I had to get to know my neighbors before I came to understand that Luxembourg, the nation, and the neighbors' country of origin, is just about the size of Plymouth County, Iowa, a place a goodly number of Luxembourgers came to live when they came to this new land.
It was 1870 when they got here on a long, ox-drawn trek from other side of the state and a tiny town named for their own patron saint, St. Donatus, which, by the way, is the name first given to the village of Alton, just down the road.
The rural lands all around must have looked emptied and intimidating, even though nothing caught the eye but everlasting swaths of wide-open land and sky. One of the early immigrants to Orange City said when he looked over the land that would become a town, he could see only one tree. One tree in infinite open space. Only in northwest Iowa would the newest state residents put up sod houses. Sod was all they had.
There weren't a ton of neighbors either. What's more, prairie fires and a sky full of grasshoppers didn't make the world, out here, particularly accommodating. One of the very first families to inhabit the space that would become Sioux Center, Jacob Koster, who homesteaded the town's downtown park and planted mammoth cottonwoods didn't stay around long, but high-tailed it back east where life wasn't quite so blasted tough.

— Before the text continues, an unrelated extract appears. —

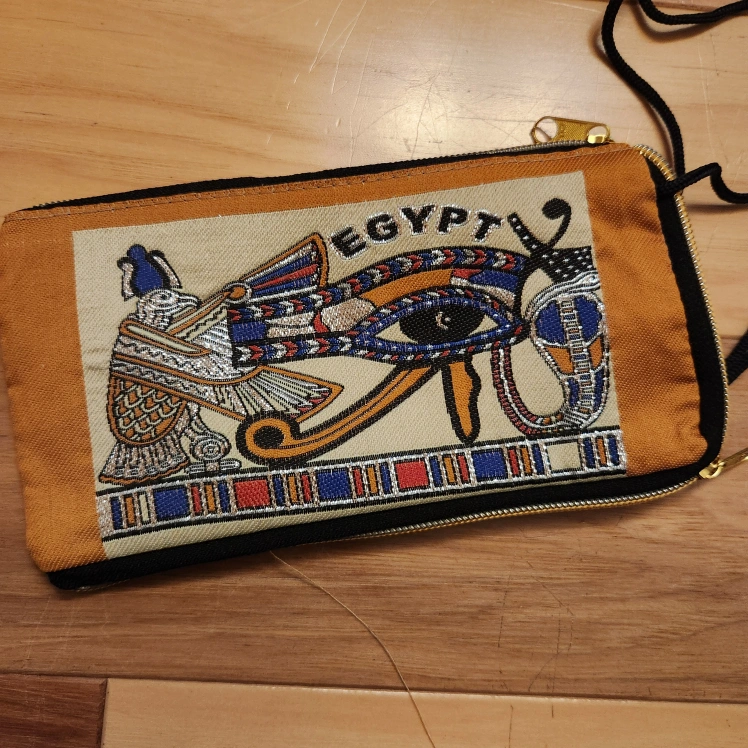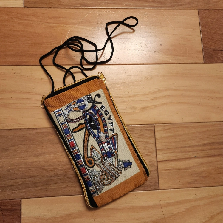 269Small crossbody bag with an Egyptian Eye of Horus design. Has a zipper closure and an adjustable strap. This bag was from Egypt.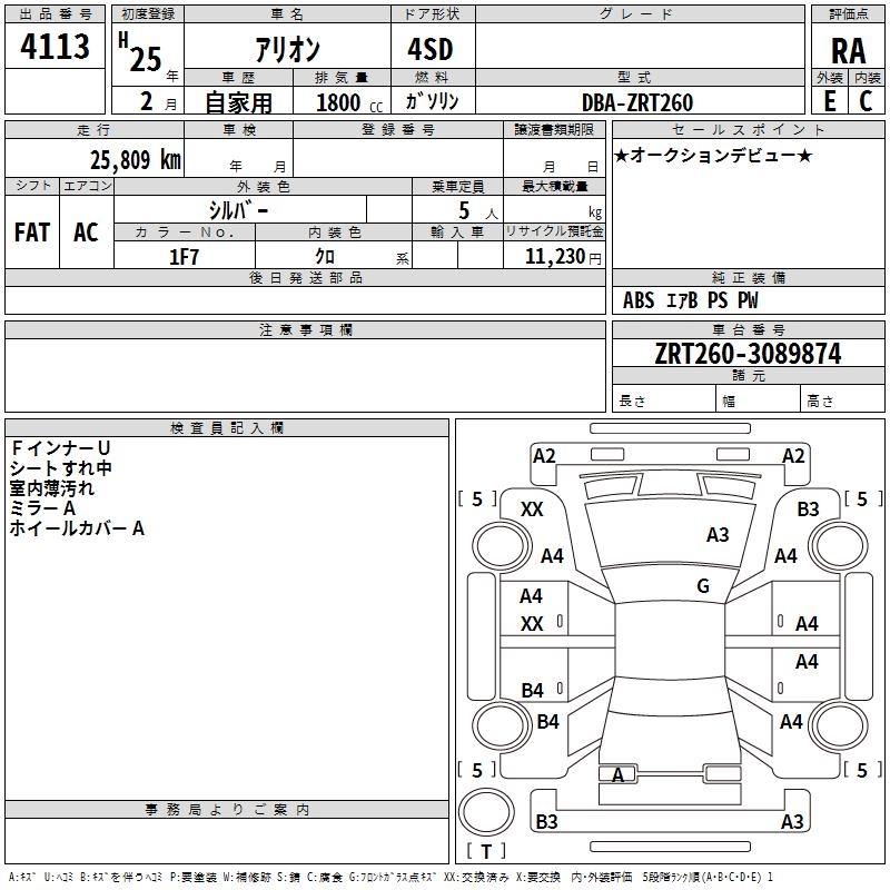 TOYOTA ALLION - лот 4113

The world created by Ole Rolvaag in Giants in the Earth ain't much of a joy really, no more fun than that created by Hamlin Garland in Main-Traveled Roads or Josephine Donovan's Black Soil. For the legions of mixed blood white folks flooding the plains, life was never a cake walk
However, maybe--just maybe--tough worlds create sweet myths. If you work your hands to the bone for your first fifty years, when things slow down a bit you may just make up sweetness if there's not any to be found.
How about this little story? In the early 1870s, Jacob Koster's wife's stove went kaput. Off they went, in the wagon, to LeMars. The Kosters were among the very first white people to settle in the grass we now call Sioux Center. You can't get along without a stove.
Five miles south, the horse needed water so they pulled the wagon up at a soddie, where a woman came out, busy with something or other.
Now listen, this is something.
This brand new prairie woman looks up at Jacob Koster, who is sitting beside his wife on the seat on the wagon, unmoving, still as death. Both of them stare, transfixed, before the woman, who is still holding the blanket/door to the mean dugout where her pioneer family lives.
Koster doesn't move. He cannot find words.
The woman nods, as if to give him permission.
The words come slowly. "Are you not Yentji?" he says.
Her eyes don't move. "Yes," she says, drawing a long breath. "And you--are you not Jacob?"
In Holland, Jacob sometimes took Yentji with him to the singing school. In our language, they had once, thousands of miles away, dated.
Yentji and her family arrived in northwest Iowa from the Pella area; Jacob Koster, along with four other families had come from southeast Minnesota.